Jonathan Carone wrote:rmiller1959 wrote:I'm afraid that's not even remotely accurate. I don't know how this was being pitched out there in the general public, but it's simply not true. Each player was allowed to present whoever they wanted to speak on their behalf, and they were allowed to have legal representation present for advisory support even though it wasn't a legal proceeding. Some of them took advantage while others didn't.
Being allowed and having witnesses willing to testify are two different things. The witnesses testified with the police because they knew there would be no negative blowback unlike if they testified to the school.
There's a reason the athletics department was fighting for kids and not distancing themselves. They knew the kids were innocent.
Innocence and meeting the prosecutorial standard of "beyond a reasonable doubt" are two different things, as we've discussed before. They may have met the latter, but that doesn't automatically presume innocence.
Title IX is a different beast, and the rules are very clear about the differences between a criminal and a Title IX investigation, even making the point that the lack of a criminal charge does not mean an assault didn't occur. Neither past sexual history nor previous consensual relationships preclude an assault investigation of a specific incident. To quote the rules: "a school should recognize that the mere fact of a current or previous consensual dating or sexual relationship between the two parties does not itself imply consent or preclude a finding of sexual violence."
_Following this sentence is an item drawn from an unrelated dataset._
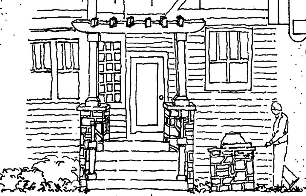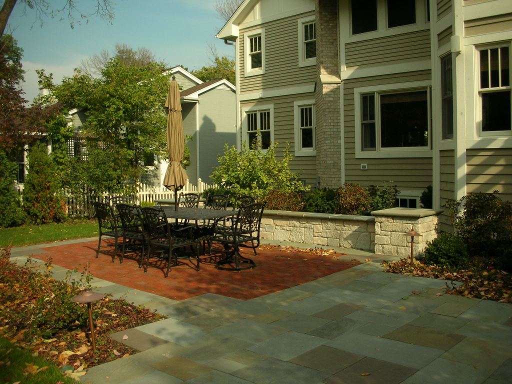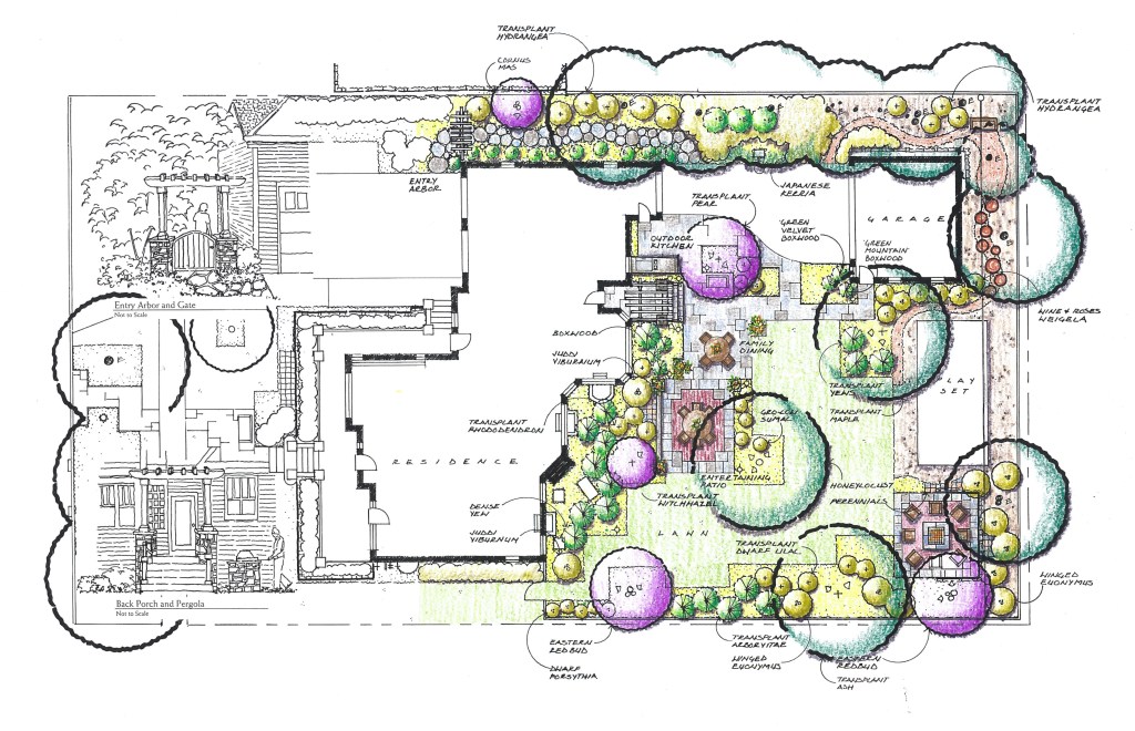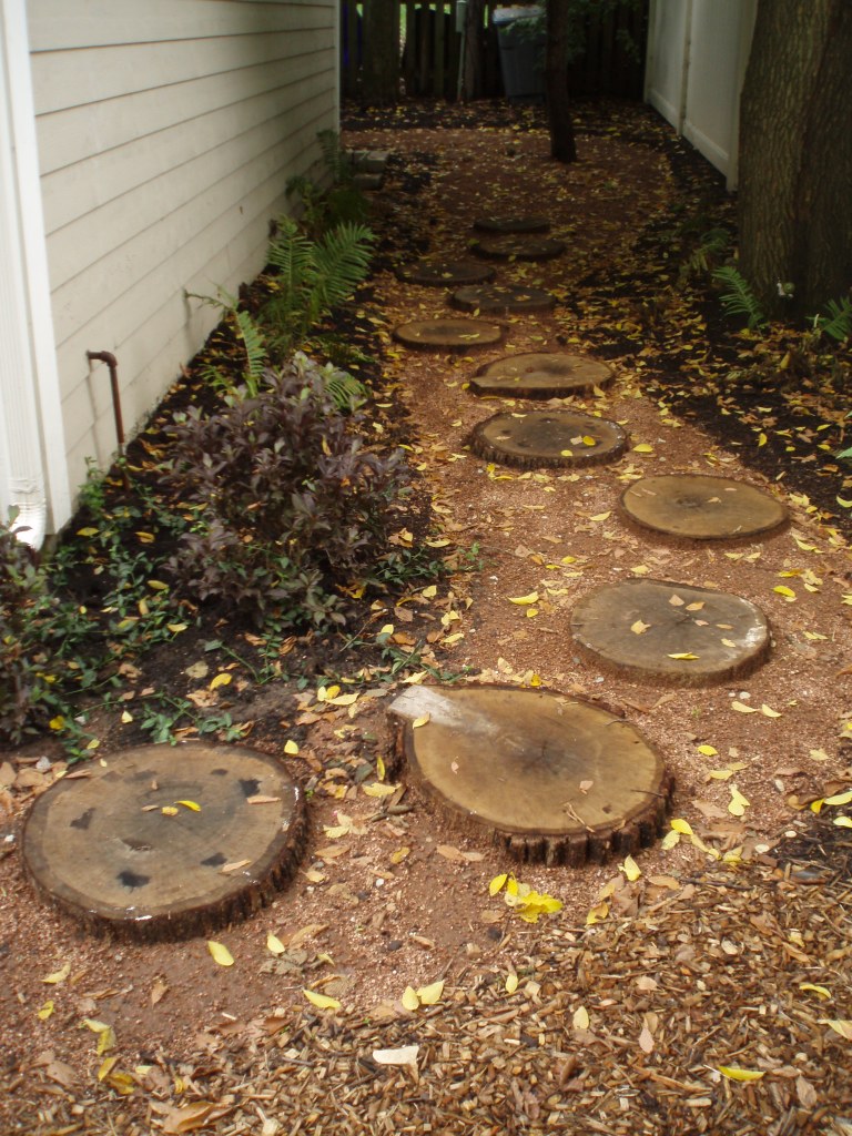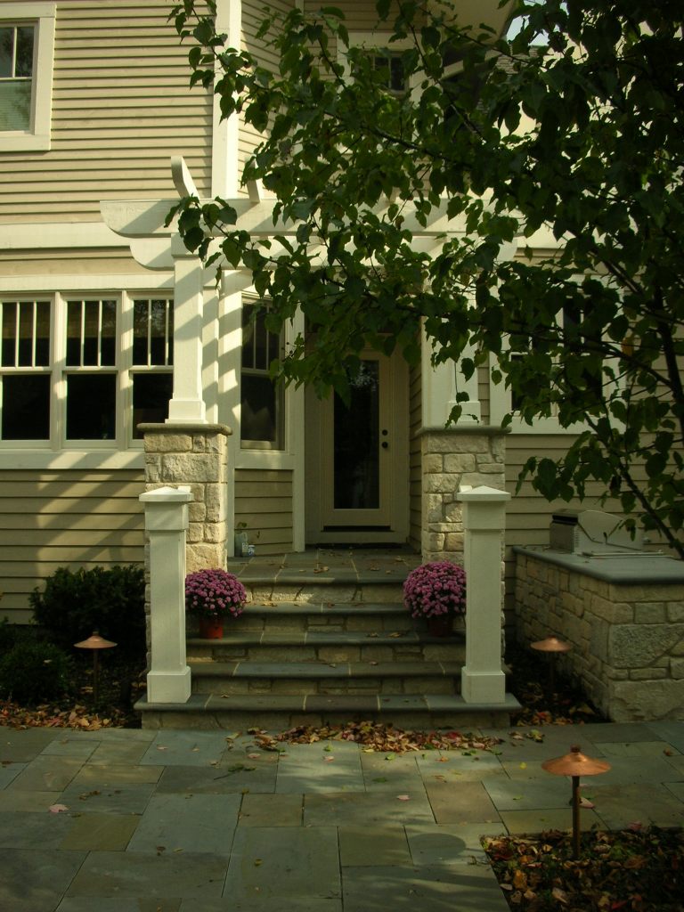 For the Family Entertaining design, a white, bright pergola and extended porch makes the entrance to the home more inviting. Smooth transition of spaces, with accents of warm red brick in the paving, make this the perfect backyard for entertaining guests. The gate along the garage was designed with the same style as the pergola in the backyard. These design features, along with a soft plant palette used in the front and backyards, provide continuity throughout the entire landscape. A fun stepping path for kids was created using a cross section of a stump. A firepit was constructed for entertaining guests and Friday night s’mores with the family.

I accept that people will draw their own conclusions based on the information to which they may be privy, or the circles in which they commune. What bothers me is the assumption that everyone involved in this process is somehow complicit in a grand conspiracy to provide cover for Jerry to hire a big-name athletic director with the stain of a failed Title IX process.
The young people involved in these allegations, the accuser and the accused, were valued by the people who made these decisions - some of the people who had to make these decisions taught them as students - and there were no winners here. No one was thinking about football or athletics or how it would make the University look. Do you think that every single individual in the Title IX office or the Dean of Students office or the faculty chosen independently to conduct the appeal are calloused enough to casually discard these young lives?